She had been looking for Bile ever since and over the centuries “Sam” had grown very fond of her, protective of her and although she would never admit it she was used to him and had grown to care about him. He had accepted her role in life but then again she had researched this lesser god that he was part of and realised that the other chaos gods were Malal’s targets didn’t make Malal any less a chaos being but it was better then serving the others.

“Was that really a son of Curze?” she asked quietly still not sure if she had seen the figure correctly.

*Yup as you live and breathe it was.*

“Then the game just rose a little higher”

*And you have to ask yourself where there is one Night Lord there might be more, and the big question, what is he doing here?*

Elizabet had to agree he had a valid point and standing around here was not going to get those answers. Looking around to make sure no one saw her she moved to where the Night Lord had vanished and with a last cursory glance around followed him in.


----------



## gothik (May 29, 2010)

Four​
The Governor sat behind his desk, the report having just come in about the death of Hal Darwin and his Enforcers. Such was his rage at the attack that the hapless messenger had left the room with a broken jaw. He clenched and unclenched his fist in an effort to calm himself. It was painfully obvious to him that this was more then just some murderer out for kicks.

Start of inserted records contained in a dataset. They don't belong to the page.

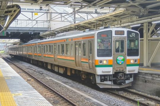 奈良仁一郎211系A57編成に、ぐんまちゃんのオリジナルヘッドマークが付けられた。'25.8.9 信越本線 高崎 2025年7月より高崎車両センター所属の211系3000番代のA2…
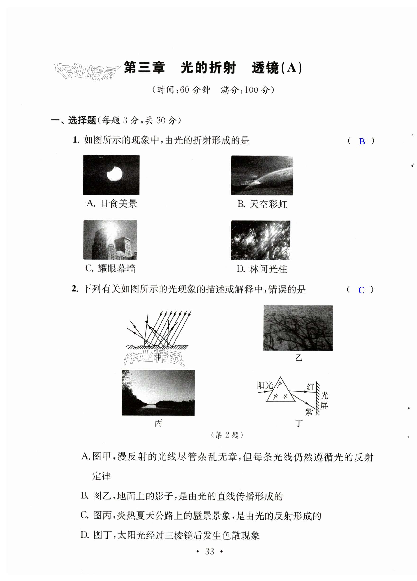 注:目前有些书本章节名称可能整理的还不是很完善,但都是按照顺序排列的,请同学们按照顺序仔细查找。练习册 2024年伴你学活页卷八年级物理上册苏科版 答案主要是用来给同学们做完题方便对答案用的,请勿直接抄袭。
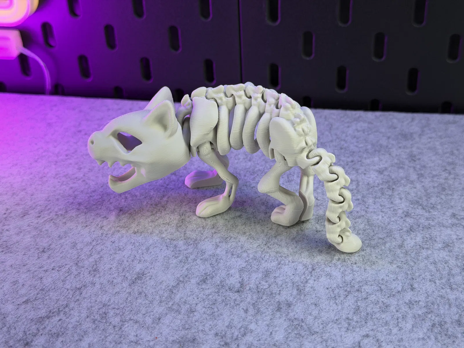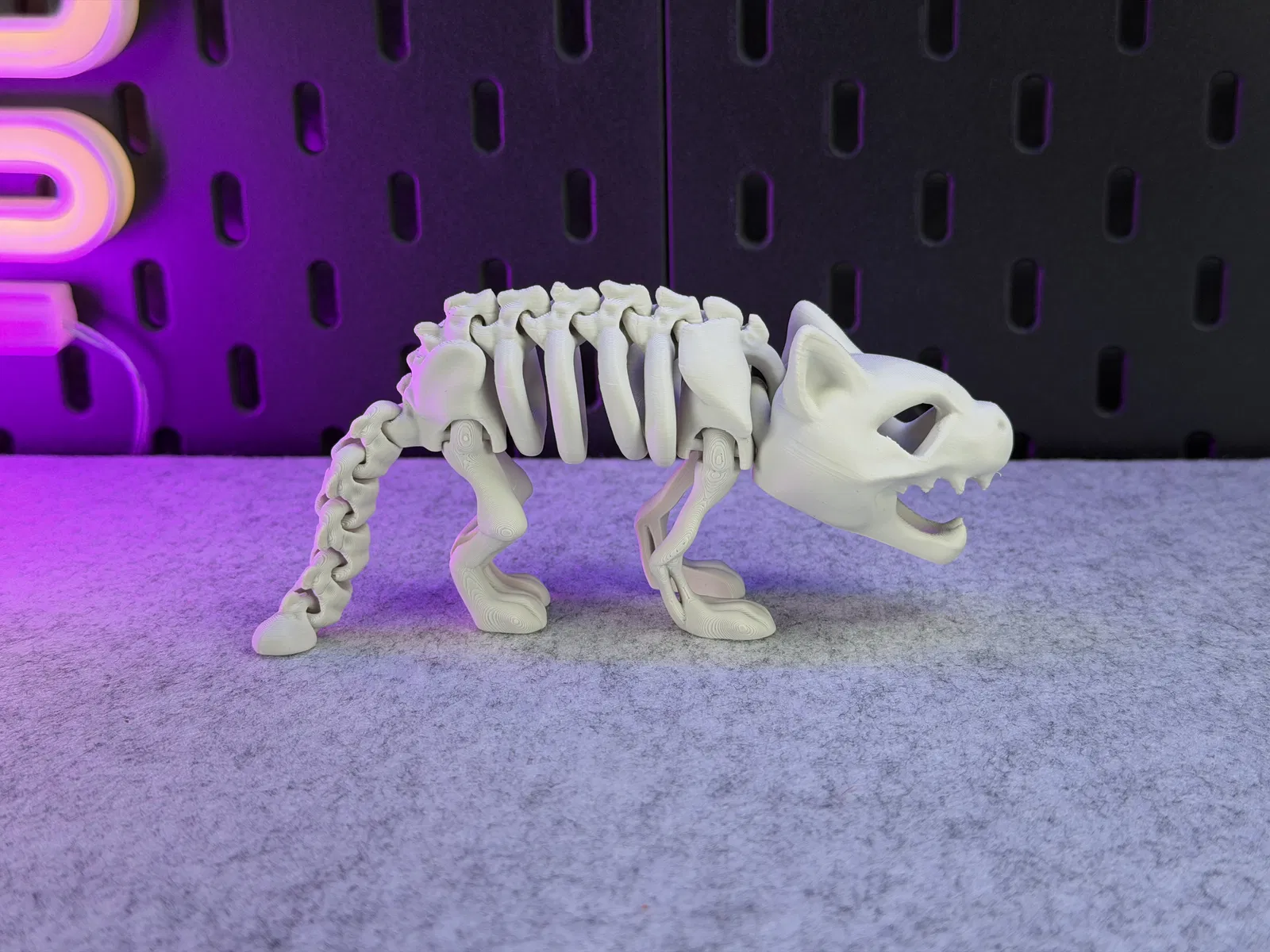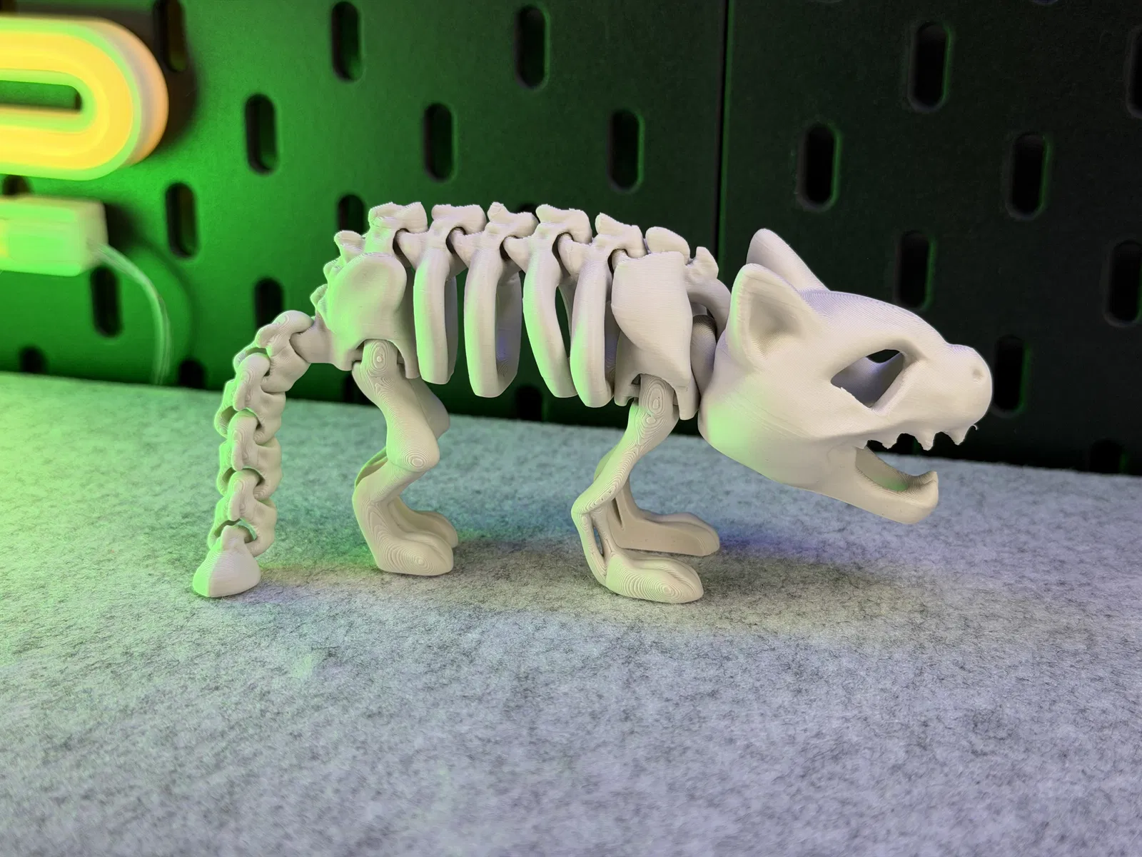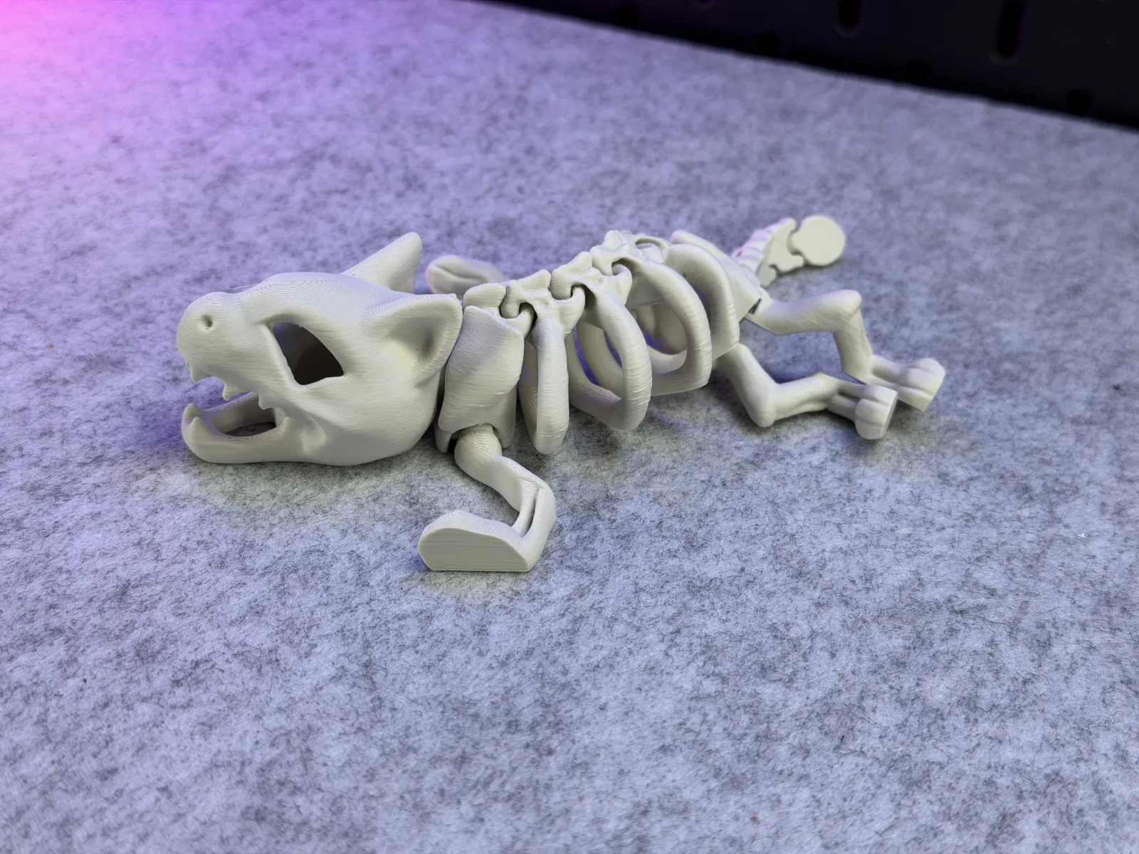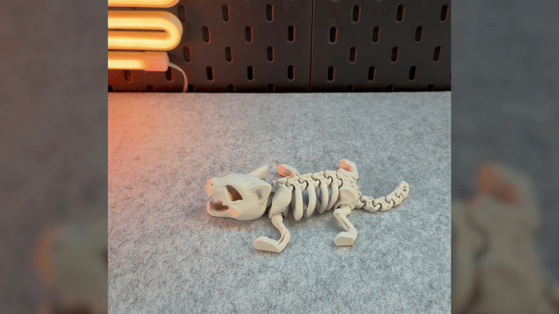 Mô hình Mèo Bộ Xương Khớp Nối, in được một màu. Có thể đứng vững! Hướng dẫn in chi tiết với vật liệu PLA, hỗ trợ cho đầu, cài đặt lớp, vòng thành, độ dày ruột, và lưu ý về khay in. Cảnh báo không scale nhỏ, tránh dùng lực mạnh làm gãy khớp nối và cẩn thận khi gỡ khỏi khay in. Sản phẩm không dành cho trẻ em hoặc thú cưng.

This was a killer with thought and precision. One that had no fear of what was around the corner and one that ultimately would make their way to him. They were after him and him alone that much had become obvious. Had it been anyone else he would have known who he or she were by now and made an example of him. He had been told by Vincenze that he had hired some woman to do the job that no one else wanted to do.

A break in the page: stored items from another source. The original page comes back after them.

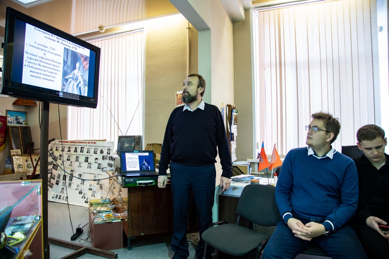 В мероприятии, посвященном Дню Героя Отечества, в Музее истории АСХИ-АГАУ приняли участие студенты первого курса Инженерного факультета. Руководитель музея, к.и.н., доцент кафедры гуманитарных дисциплин Максим Колокольцев подготовил предметы из экспозиции музея и видеоматериалы, рассказывающие об участии преподавателей, сотрудников и выпускников вуза в войнах и локальных конфликтах.
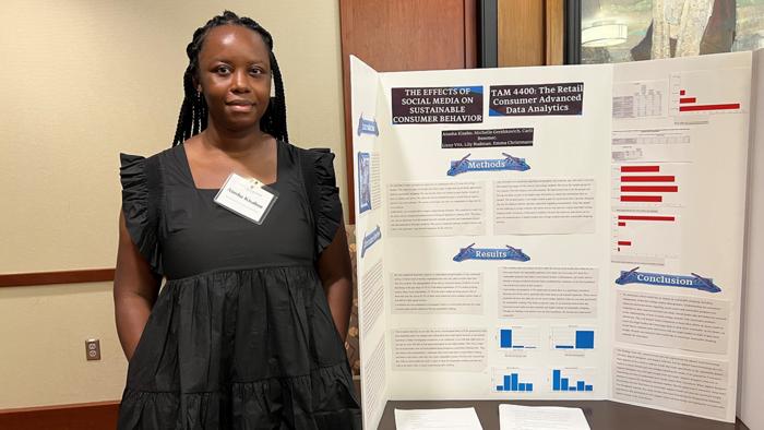 Grant and Award AnnouncementIMAGE: ATOSHA JISABO, A TEXTILES AND APPAREL MANAGEMENT (TAM) STUDENT, PRESENTS A DATA ANALYTICS PROJECT AT TAM’S OPEN HOUSE EVENT. view more
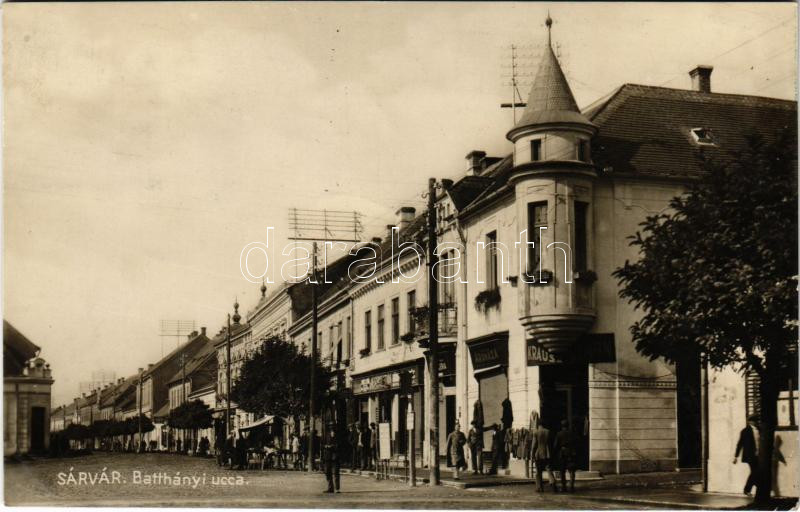 1930 Sárvár, Batthyány utca, Krausz Simon, Mészáros István üzlete, dro... https://www.darabanth.com/de/438-Fernauktion/438.0/Ansichtskarten/Ungarn~2500005/1930-Sarvar-Batthyany-utca-Krausz-Simon-Meszaros-Istvan-uzlete-drogeria-Schnobel-Feren~II2871144
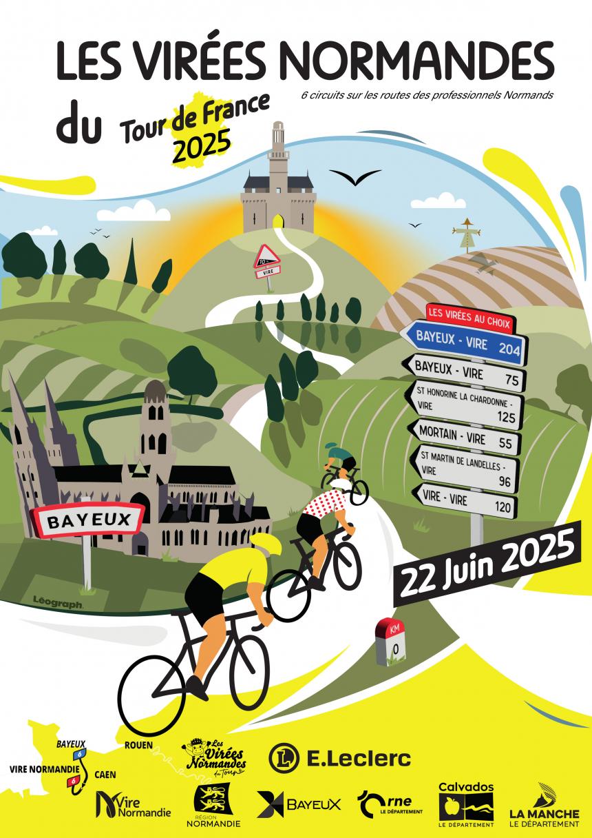 Deux virées au départ de Bayeux : l’étape Bayeux-Vire du Tour de France (201 km) et la « Kévin Vauquelin » qui ralliera les deux villes en un itinéraire plus direct de 75 km. Plus d’informations sur la page Facebook Les Virées normandes du tour
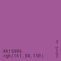 Цвет #A15896 в цветовой модели RGB обозначается тремя октетами (161, 88, 150) в десятичном формате и #A15896 в шестнадцатиричном (hex) формате, которые являются интенсивностью красного 161 (hex A1), интенсивность зелёного 88 (hex 58) и интенсивность синего 150 (hex 96).

According to Vincenze she had despatched Kaliebs thugs with little more then a flick of her wrist and with no more thought then swatting a fly. Gardak Melescion could understand this mind set. He had seen it before and indeed it was how he thought one upon a time he was a man that inspired the warriors under his command to great feats of bravery in the name of the god-emperor. 

A cynical smile crossed his face; yes he had taken men and women into the height of battle and brought them out the other side. The Galtera III were known for their bravery in the face of danger, they would go into battle and do things other guards would not do. But he had seen enough over the years and slowly his faith began to chip away. He had fallen in love with the lieutenant of his recon squad.

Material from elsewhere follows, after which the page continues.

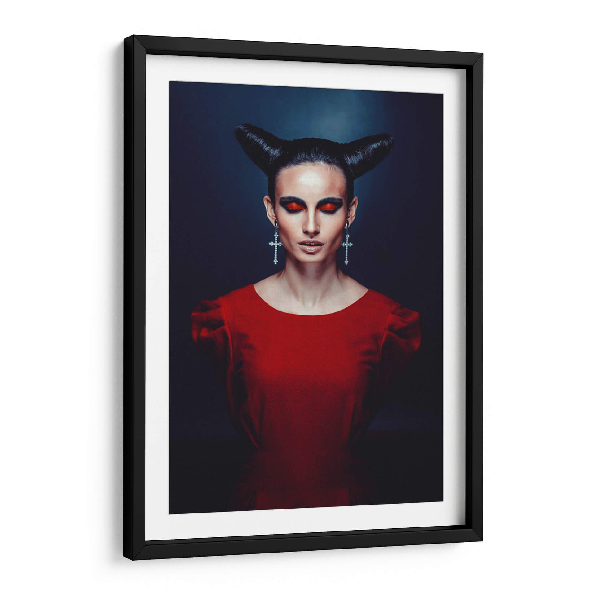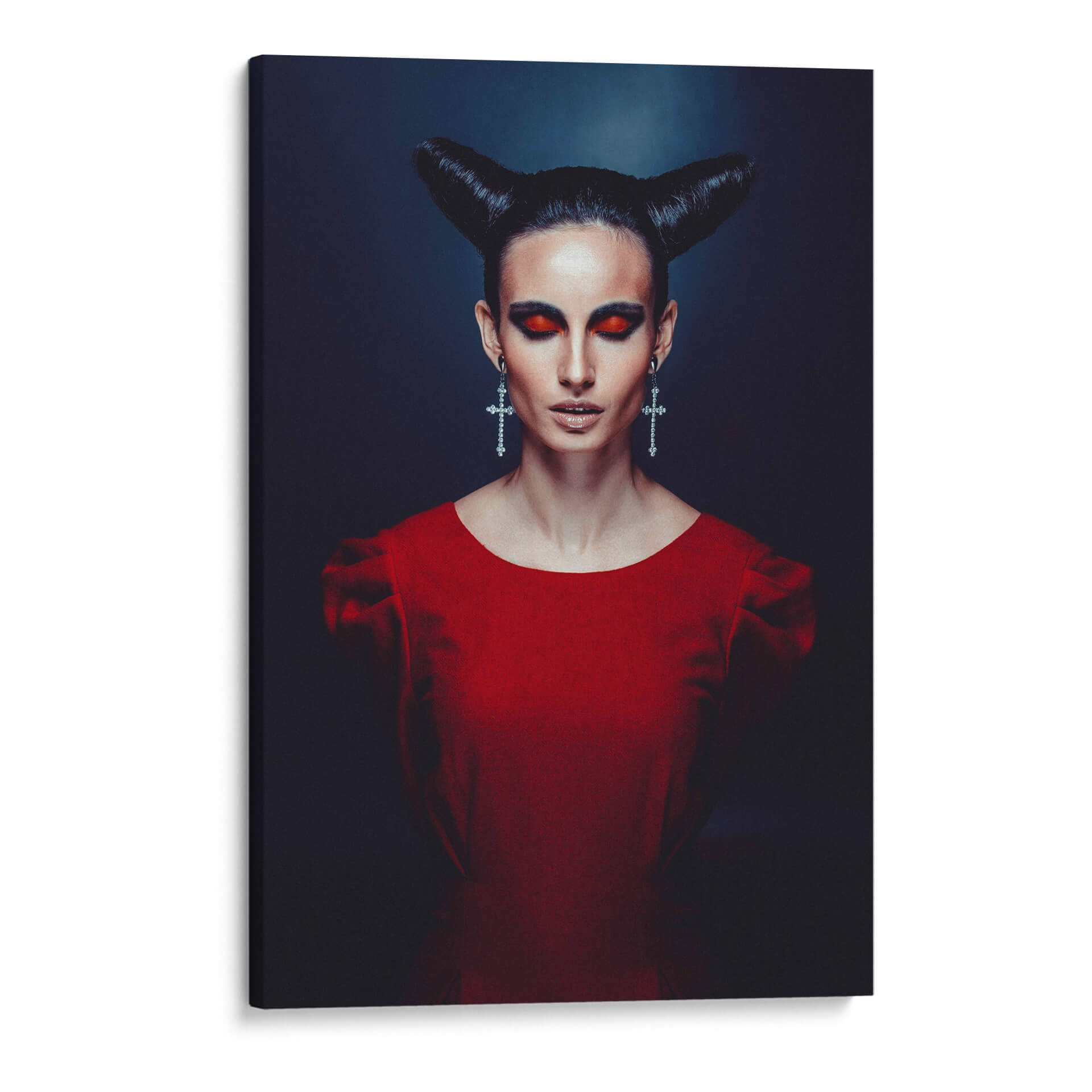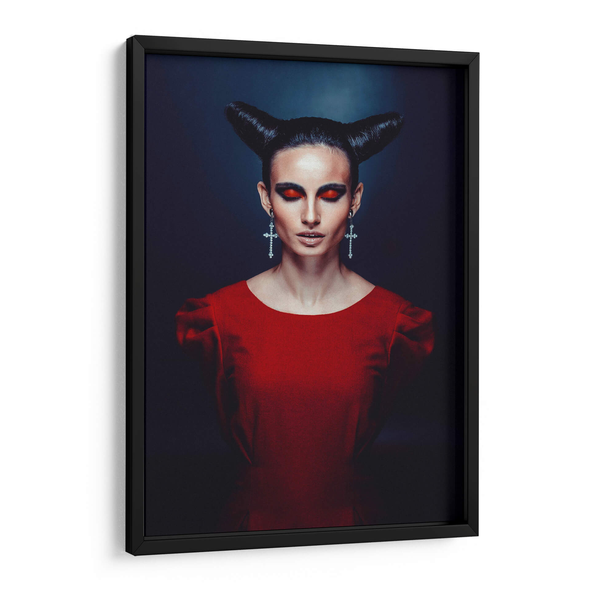 Sumérgete en la intensidad y el misterio de "Demonio en su Corazón", una obra de arte digital cautivadora del artista Alexandr Sutula. Esta pieza presenta un retrato en primer plano de una figura femenina con una mirada penetrante y maquillaje dramático en tonos rojos vibrantes que contrastan con el fondo oscuro y sombrío. Su peinado distintivo, que evoca cuernos o alas, junto con los pendientes en forma de cruz, añade un toque enigmático y poderoso a la composición. El vestido rojo pasión de la figura central irradia una energía audaz, creando un punto focal impactante. El juego de luces y sombras resalta la textura y la profundidad, dotando a la obra de una atmósfera casi teatral. "Demonio en su Corazón" es ideal para aquellos que buscan añadir un elemento de intriga y sofisticación a su decoración, transformando cualquier espacio, ya sea una sala de estar moderna, un estudio o una oficina, en una declaración de estilo audaz y contemporáneo. Este cuadro decorativo invita a la reflexión sobre la dualidad y la fuerza interior, convirtiéndose en una pieza de conversación fascinante para tu hogar u oficina.

She had been the most beautiful and battle hardened woman he had ever met. Her view was pragmatic and she had once dared to argue that if the God-Emperor was watching over them then he was having a great laugh at their expense. She had just lost half her squad to the Bloodpact and she was not in the mood to hear sermons about how the God-Emperor willed it and they were doing in death what they had started in life, her squad had loved her and she had loved them.

If anyone else had uttered such words they would have been seen as blasphemous but not Kayla, she was loyal and she was respectful and they were just words. She had vowed to get those Chaos loving bastards off Jorvik and back to the warp where they belonged, in body bags. Six days later the Bloodpact paraded her mutilated body on the front of their chimera.

He had wept tears of anger and grief and had turned and yelled that there was no gods and there was no god emperor. Having seen the remains of their lieutenant and her troop the rest of the squad had followed their commissar as he cut a swathe through the Bloodpact and then turned on the commanders of the III. They were the ones who had not given them the support when they needed it. The glorious III had been left to die so that others could claim the glory and Commissar Gardak Melescion turned his back on the Emperor.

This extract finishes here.